● **What you will do**
An exact copy of every entry is needed here; the images stay out.

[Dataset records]
•••••

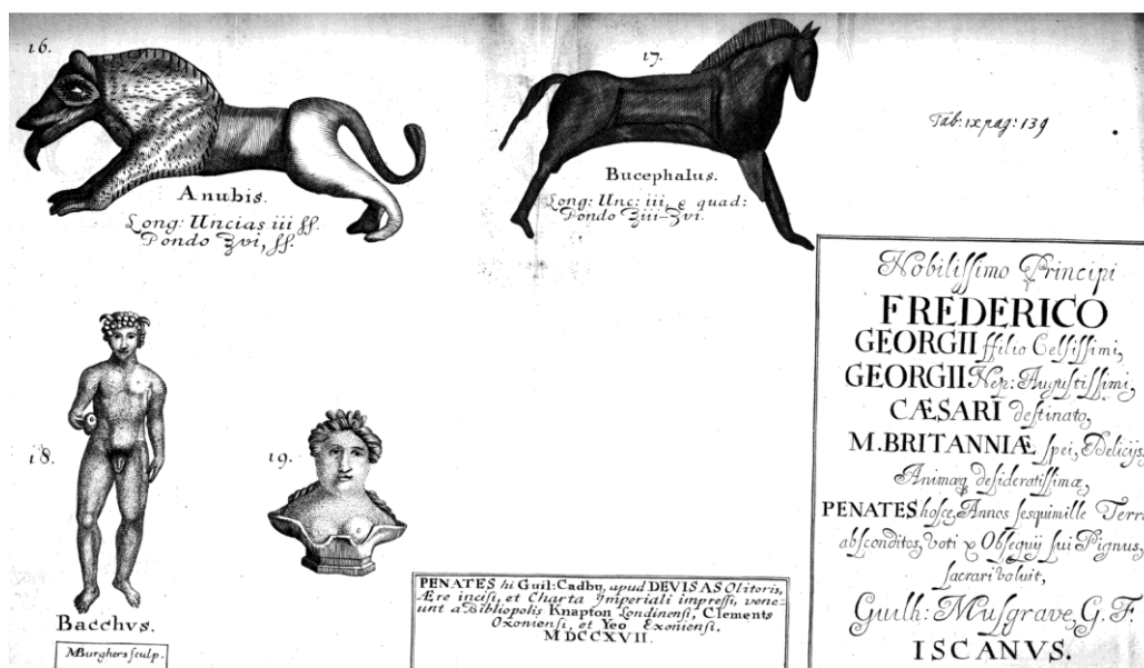
Fig. 3. The Southbroom hoard: Musgrave 1719, table IX.

The missing figurines from the hoard are Venus, Vulcan M5, Mars M10, Bacchus, Genius Paterfamilias, an unidentified deity, three-horned bull, dog or wolf and horse. All of the deities, except the unidentified piece, are typically classical examples of their type and are found on many sites both in Britain and on the Continent, while the three-horned bull and horse are less common. In fact, the three-horned bull is a Romano-Celtic mythological, perhaps divine, creature which originated in Gaul, and there are some 40 examples from that region, particularly in the valleys of the upper Rhône, Saône and Seine rivers in eastern Gaul, while there are seven from Britain. 7 The dog or wolf figurine mentioned above is more unusual and will be discussed further below. A striking aspect of the Southbroom collection is the presence of both highly classical and provincial figures in the same hoard. As George Boon noted, the missing figurines could have been acquired by a collector who valued the classical pieces but rejected the provincial ones. 8 However, while antiquaries may have considered the more native-looking pieces to be of inferior quality, they obviously were regarded highly enough in Roman times to take their place alongside classical figurines.
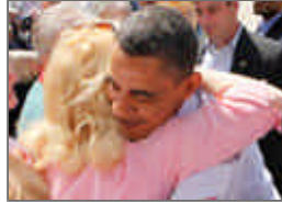
Prez Barack Obama greets crowd outside a cafe in Monroe City
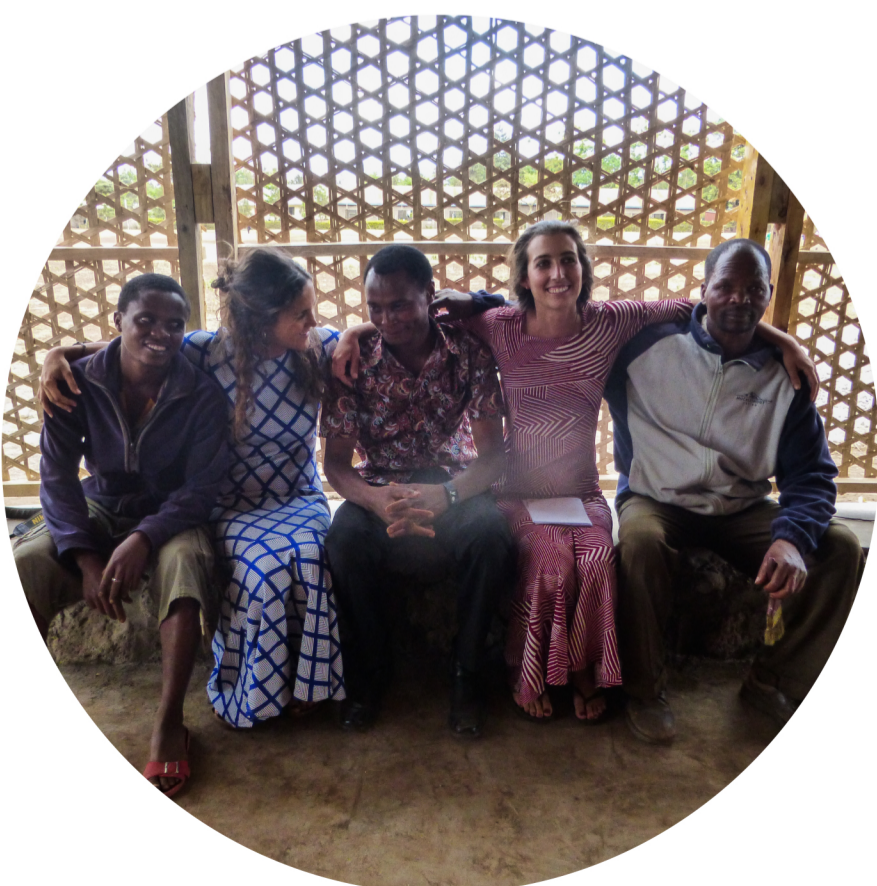
Social Practice Architecture (SoPA)

SoPA is a young architecture studio, who understand architecture as a tool to improve life and society. Their work seeks to reinterpret the techniques and old skills, inspired by vernacular heritage, and fused with contemporary design practices to create unique work that engages the specificity of the site. Their international experience has allowed them to specialize in different building techniques and materials such as earth construction.
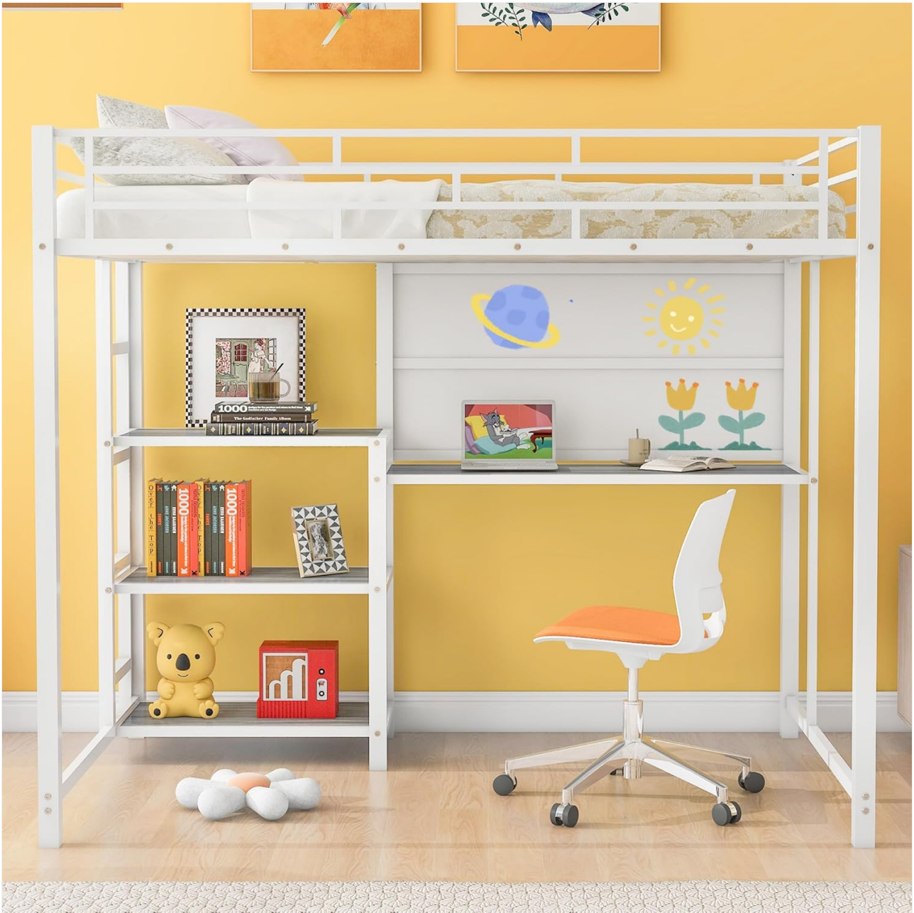
An illustrative image of the assembled Bellemave Full Size Metal Loft Bed in a room setting, showcasing the integrated desk, whiteboard, and 3-tier shelves.
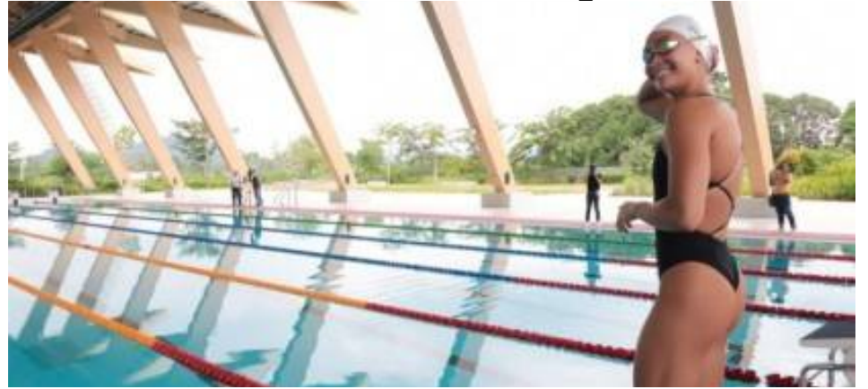
MEDAL CONTENDER. Kayla Sanchez trains at New Clark City in Capas, Tarlac in 2022. She advanced to the women's 100-meter freestyle semifinals of the Paris Olympics at La Defense Arena on Tuesday (July 30, 2024).
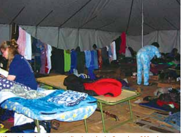
UB social work students settling in at the Art Egg where 200 volunteers slept and ate during their stay in New Orleans.

work materials for the day. Every morning we dressed ourselves in Tyvek suits, goggles, rubber boots, gloves, and bandannas. Each student had to protect his or her body and clothing because of the mold, termites and
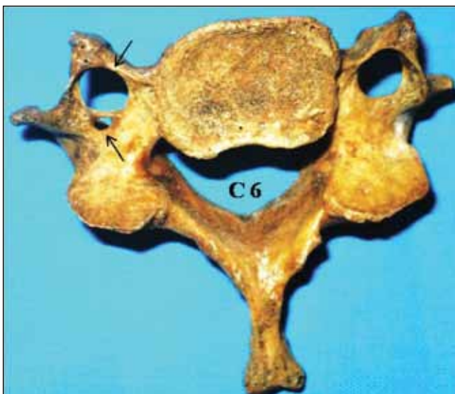
Figure 2: Photograph of C6 cervical spine (inferior view) showing the unilateral double foramina transversaria (n=5, 1.4%).

the vertebral artery runs along the transverse process and not through the foramen transversarium. This is very common in the lower cervical vertebrae. Instead of entering to the sixth foramen transversarium, the artery may start to enter the foramen at higher levels. The greatest variability in foramen transversarium is found in the seventh cervical spine (14).
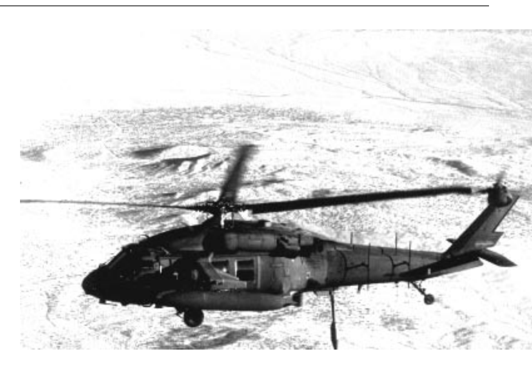
Figure 3: Advanced Quickfix
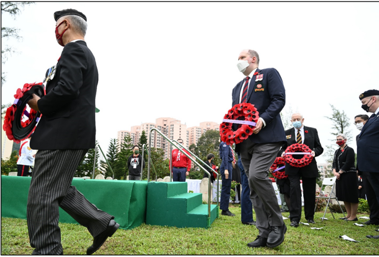
Salute to Valour: The 75th Canadian Commemoration Ceremony at Sai Wan War Cemetery

This solemn ceremony served as a tribute to the 1,975 heroic Canadians who took part in the Battle of Hong Kong and also as a memorial for the 550 brave souls who tragically lost their lives in battle or captivity. These events are a testament to these soldiers' incredible bravery and resilience.
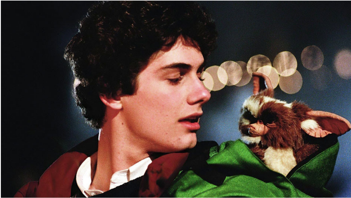
Zach Galligan in "Gremlins."
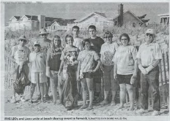
IRHS LEOs and Lions unite at beach cleanup event in Fenwick.

"It may be a lot of work at times, but making a difference to those in need is the best feeling in the world."
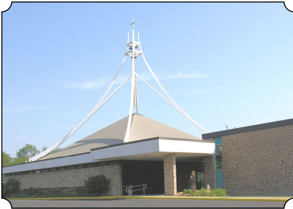
North American Martyrs Church 2526 Haymaker Rd • Monroeville, PA • 15146 412-373-0330

North American Martyrs is a vibrant parish, built on multi-generational and cultural traditions blended through the grace of the Holy Spirit. Reflecting the unconditional mercy of Jesus Christ, we as a faith community sharing God's love with all people, enthusiastically reach out to embrace everyone, especially the poor, broken, suffering and lost. We draw our strength through prayer, listening to and acting upon God's Word and celebrating the Eucharist, to foster a closer relationship with Christ as humble and faithful members of His Universal Church.
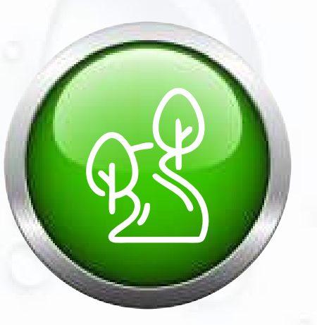
Dam view from the plot
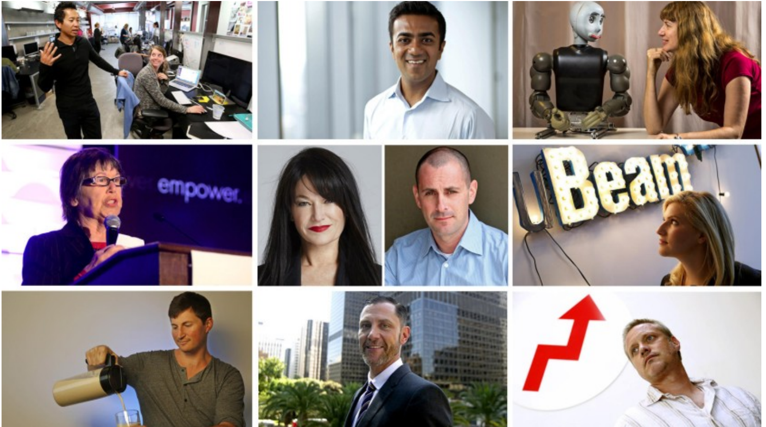
Tech power players in Los Angeles.
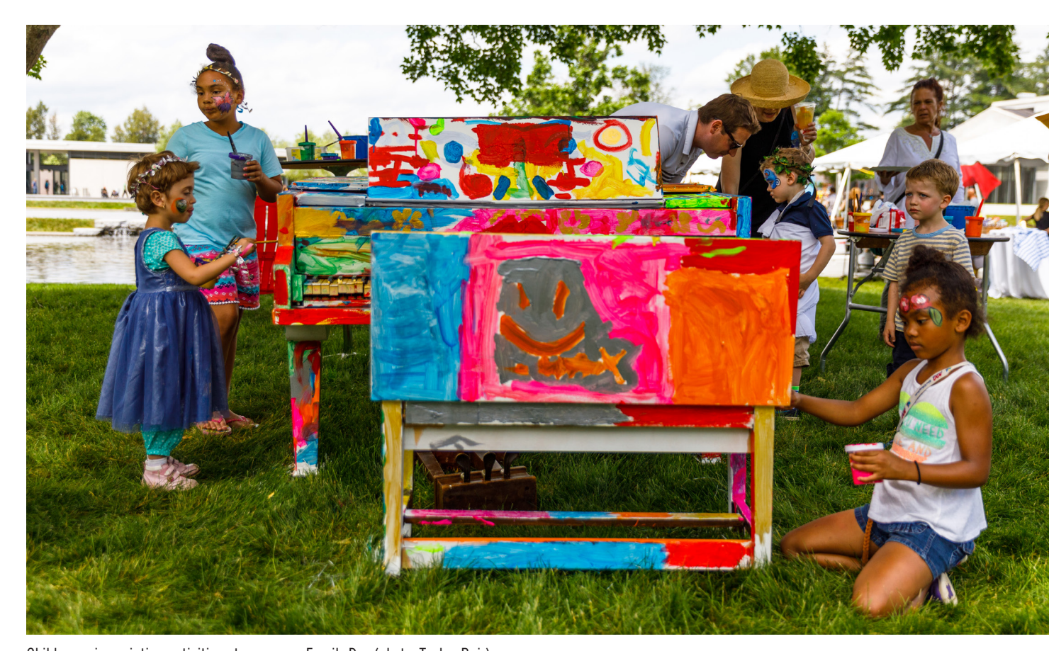
Children enjoy painting activities at a summer Family Day
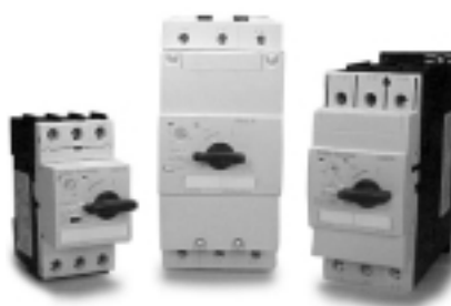
Type A307, A308 and A309
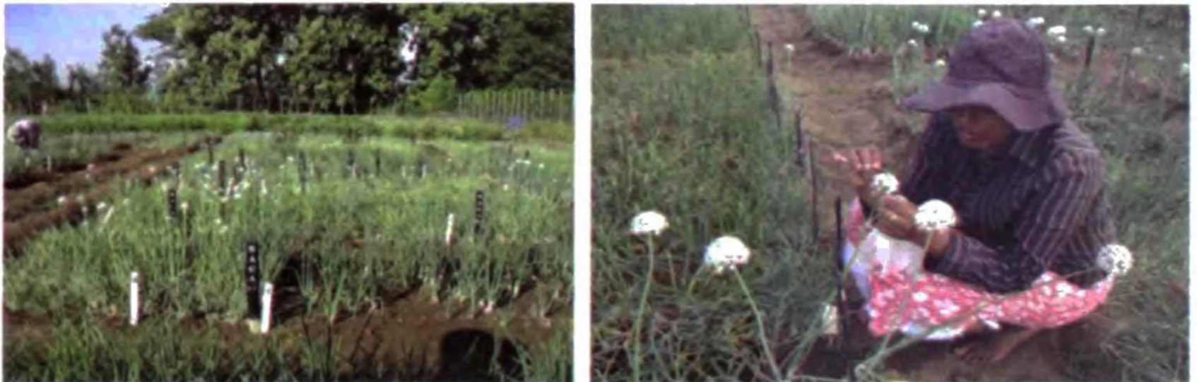
Plate 3: Multiplication of F_1 generation and hybridization through emasculation.

After a long gap, cluster onion research at FCRDI, Mahailuppallama was reinitiated and 7 seed setting cluster onion lines in yala 2009 and 2010 were evaluated. Those lines were evaluated with Vethalam during yala 2011 and two lines gave higher yields over Vethalam. Evaluation of cluster onion line MICLO.09-01 for true seed production was carried out in maha 2012/13 and yala 2013 at FCRDI. MICLO 09-01 reached to 50% flowering within 69-70 DAP irrespective of vernalization. Flowering of Vethalam depended on vernalization and 50% flowering completed within 52DAP which was 26 days earlier than other lines. It was concluded that MICLO 09-01 produced higher true seed yield than Vethalam.

•••••

● **Response to the task**
Fig. 3. The Southbroom hoard: Musgrave 1719, table IX.

The missing figurines from the hoard are Venus, Vulcan M5, Mars M10, Bacchus, Genius Paterfamilias, an unidentified deity, three-horned bull, dog or wolf and horse. All of the deities, except the unidentified piece, are typically classical examples of their type and are found on many sites both in Britain and on the Continent, while the three-horned bull and horse are less common. In fact, the three-horned bull is a Romano-Celtic mythological, perhaps divine, creature which originated in Gaul, and there are some 40 examples from that region, particularly in the valleys of the upper Rhône, Saône and Seine rivers in eastern Gaul, while there are seven from Britain. 7 The dog or wolf figurine mentioned above is more unusual and will be discussed further below. A striking aspect of the Southbroom collection is the presence of both highly classical and provincial figures in the same hoard. As George Boon noted, the missing figurines could have been acquired by a collector who valued the classical pieces but rejected the provincial ones. 8 However, while antiquaries may have considered the more native-looking pieces to be of inferior quality, they obviously were regarded highly enough in Roman times to take their place alongside classical figurines.
Prez Barack Obama greets crowd outside a cafe in Monroe City
Social Practice Architecture (SoPA)

SoPA is a young architecture studio, who understand architecture as a tool to improve life and society. Their work seeks to reinterpret the techniques and old skills, inspired by vernacular heritage, and fused with contemporary design practices to create unique work that engages the specificity of the site. Their international experience has allowed them to specialize in different building techniques and materials such as earth construction.
An illustrative image of the assembled Bellemave Full Size Metal Loft Bed in a room setting, showcasing the integrated desk, whiteboard, and 3-tier shelves.
MEDAL CONTENDER. Kayla Sanchez trains at New Clark City in Capas, Tarlac in 2022. She advanced to the women's 100-meter freestyle semifinals of the Paris Olympics at La Defense Arena on Tuesday (July 30, 2024).
UB social work students settling in at the Art Egg where 200 volunteers slept and ate during their stay in New Orleans.

work materials for the day. Every morning we dressed ourselves in Tyvek suits, goggles, rubber boots, gloves, and bandannas. Each student had to protect his or her body and clothing because of the mold, termites and
Figure 2: Photograph of C6 cervical spine (inferior view) showing the unilateral double foramina transversaria (n=5, 1.4%).

the vertebral artery runs along the transverse process and not through the foramen transversarium. This is very common in the lower cervical vertebrae. Instead of entering to the sixth foramen transversarium, the artery may start to enter the foramen at higher levels. The greatest variability in foramen transversarium is found in the seventh cervical spine (14).
Figure 3: Advanced Quickfix
Salute to Valour: The 75th Canadian Commemoration Ceremony at Sai Wan War Cemetery

This solemn ceremony served as a tribute to the 1,975 heroic Canadians who took part in the Battle of Hong Kong and also as a memorial for the 550 brave souls who tragically lost their lives in battle or captivity. These events are a testament to these soldiers' incredible bravery and resilience.
Zach Galligan in "Gremlins."
IRHS LEOs and Lions unite at beach cleanup event in Fenwick.

"It may be a lot of work at times, but making a difference to those in need is the best feeling in the world."
North American Martyrs Church 2526 Haymaker Rd • Monroeville, PA • 15146 412-373-0330

North American Martyrs is a vibrant parish, built on multi-generational and cultural traditions blended through the grace of the Holy Spirit. Reflecting the unconditional mercy of Jesus Christ, we as a faith community sharing God's love with all people, enthusiastically reach out to embrace everyone, especially the poor, broken, suffering and lost. We draw our strength through prayer, listening to and acting upon God's Word and celebrating the Eucharist, to foster a closer relationship with Christ as humble and faithful members of His Universal Church.
Dam view from the plot
Tech power players in Los Angeles.
Children enjoy painting activities at a summer Family Day
Type A307, A308 and A309
Plate 3: Multiplication of F_1 generation and hybridization through emasculation.

After a long gap, cluster onion research at FCRDI, Mahailuppallama was reinitiated and 7 seed setting cluster onion lines in yala 2009 and 2010 were evaluated. Those lines were evaluated with Vethalam during yala 2011 and two lines gave higher yields over Vethalam. Evaluation of cluster onion line MICLO.09-01 for true seed production was carried out in maha 2012/13 and yala 2013 at FCRDI. MICLO 09-01 reached to 50% flowering within 69-70 DAP irrespective of vernalization. Flowering of Vethalam depended on vernalization and 50% flowering completed within 52DAP which was 26 days earlier than other lines. It was concluded that MICLO 09-01 produced higher true seed yield than Vethalam.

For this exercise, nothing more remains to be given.